Funding will be the key to one of the largest dam removal projects in California history.
State government officials and the California American Water Co. agreed on Jan. 11 to remove the 106-ft-tall San Clemente Dam on the Carmel River in Monterey County. The concrete arch dam, built in 1921, once provided drinking water to Monterey Peninsula residents, but its reservoir has since silted up 90%. In 1991, state dam inspectors also concluded the dam risked failure in a significant earthquake or flood event, which could release an estimated 2.5 million cu yds of sediment and more than 40 million gallons of water.

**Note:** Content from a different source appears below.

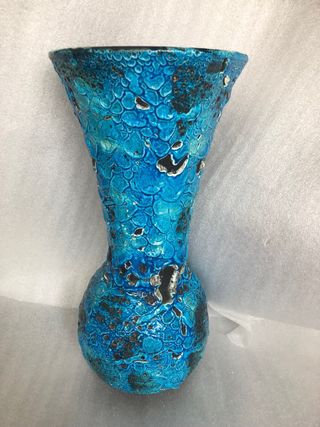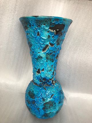 Precioso jarrón de cerámica de estilo francés antiguo. Su diseño texturizado y su vibrante color azul lo convierten en una pieza decorativa única. - Acabado texturizado. - Color azul intenso con detalles negros. -Mide de alto 30 cm y de ancho 15 cm. Se envia por Wallapop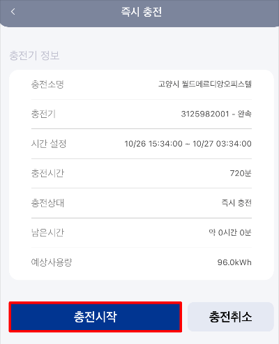 5. 최대 충전 시간으로 설정하고 충전하기 클릭합니다.

In the agreement, CalAm, which owns the dam and surrounding 900 acres, will work with the National Oceanic and Atmospheric Administration (NOAA) and the California State Coastal Conservancy, along with other state, federal and private organizations, to come up with the project plan, which also calls for the rerouting of the Carmel River.
The project cost is $84 million, according to CalAm spokeswoman Catherine Bowie. Monterey-based CalAm is pledging to provide $50 million.
The goal of the project’s first phase, which is scheduled to begin in 2013, will be to strengthen the dam to standards required by the state Division of Safety of Dams, Dept. of Water Resources. The next phases, which would occur over the following three dry-period years, will be to buttress the sentiment, remove the dam and divert the river, Bowie says.
Trish Chatman, project specialist for the State Coastal Conservancy in Oakland, which, along with the NOAA, is ponying up the other $34 million, says the state’s financial situation is a “challenge” to securing the project funding, but “we are quite optimistic that we will be able to do it.”
Chatman says there is a strong state commitment in favor of completing this project.
The conservancy expects state funding to come from bonds and grants that have already been approved and appropriated. Chatman says, however, that the funding is in place “in theory, but [state] agencies are currently restricted about the commitments they can make, and cash flow is very constrained.”
Chatman says the current project schedule anticipates having the money committed by spring 2012, and if the funding is not there by then, the construction start date could be pushed back.
Environmentalists are also in favor of the dam removal, which would aid in the recovery of steelhead trout by opening up access to 25 sq mi of spawning and rearing habitat. Steelhead in the Carmel River were listed in 1997 as threatened under the Endangered Species Act.